Survey sampling necessitates addressing uncertainty and imprecision. Neutrosophic statistics, championed by25 in ’Neutrosophy: Neutrosophic Probability, Set, and Logic: Analytic Synthesis & Synthetic Analysis,’ extend classical statistics for indeterminate data. Aslam’s contributions include ’A New Sampling Plan using Neutrosophic Process Loss Consideration’26 and ’Neutrosophic Analysis of Variance: Application to University Students’27, among others, illustrating its application in handling vague and imprecise observations in populations or samples.

Motivated by the aforementioned discussions, the present work proposes a wide class of estimators of population variance in two-phase sampling for the stratified population in the presence of random non-response and measurement errors in sample data. The stratum weights have been optimized using calibration procedures, which enables us to get more accurate estimates of the population variance.
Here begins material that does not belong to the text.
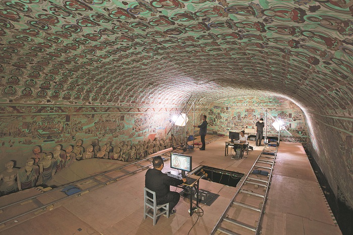 敦煌研究院文物保护团队正在做数据采集。受访者供图
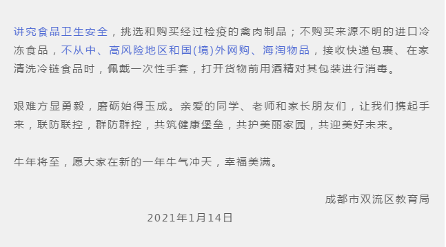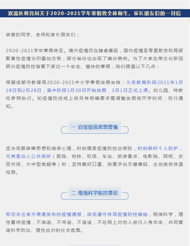 双流区教育局关于2020-2021学年寒假致全体师生、家长朋友们的一封信

The performances of the suggested class of estimators have been deeply examined through empirical and simulation studies.

Sample structure

Consider a finite population of size N divided into L non-overlapping strata, each containing \(N_k\)(k=1,2,..., L) units. Let Y, X, and Z be the study variable, first and second auxiliary variables, respectively. Let \(y_{ki}\), \(x_{ki}\), and \(z_{ki}\) be the ith values of y, x, and z for the k-th (k = 1, 2,..., L) stratum. To estimate the population variance of the study variable Y, It is assumed that the information on the second auxiliary Z is readily available for all the population units. Hence its population variance is known. However, information on the first auxiliary variable is not available for all the units of the population. It is also assumed that the random non-response is observed in the sample data on the study and first auxiliary variables Y and X, respectively. In the first phase, a sample, say \(S_{{n}_k}\) of size \(n_k\) (k=1,2..., L), is drawn from kth strata using simple random sampling without replacement and observed for the variables y and x. Let in the first phase sample of size \(n_k\), \(n_{k-r_{1k}}\) respond and random non-response observed on the \(r_{1k}\) units. Again in the second phase, from the \(n_{k-r_{1k}}\) respondent units, another simple random sample without replacement, say \(S_{m_k}\), of size \(m_k\), is chosen from which \(m_{k-r_{2k}}\) units respond and \(r_{2k}\) units do not respond.

Notations

From now on, we will use the following notations:

\(\sigma ^2_Y\): The population variance of Y, i.e, the characteristics under study

\(S^2_{Y_{N_k}}\)=\(\frac{1}{N_k-1}\sum _{j=1}^{N_k}(Y_{kj}-\bar{Y}_{N_k})^2\): The population mean squares of the kth stratum of the study variable Y.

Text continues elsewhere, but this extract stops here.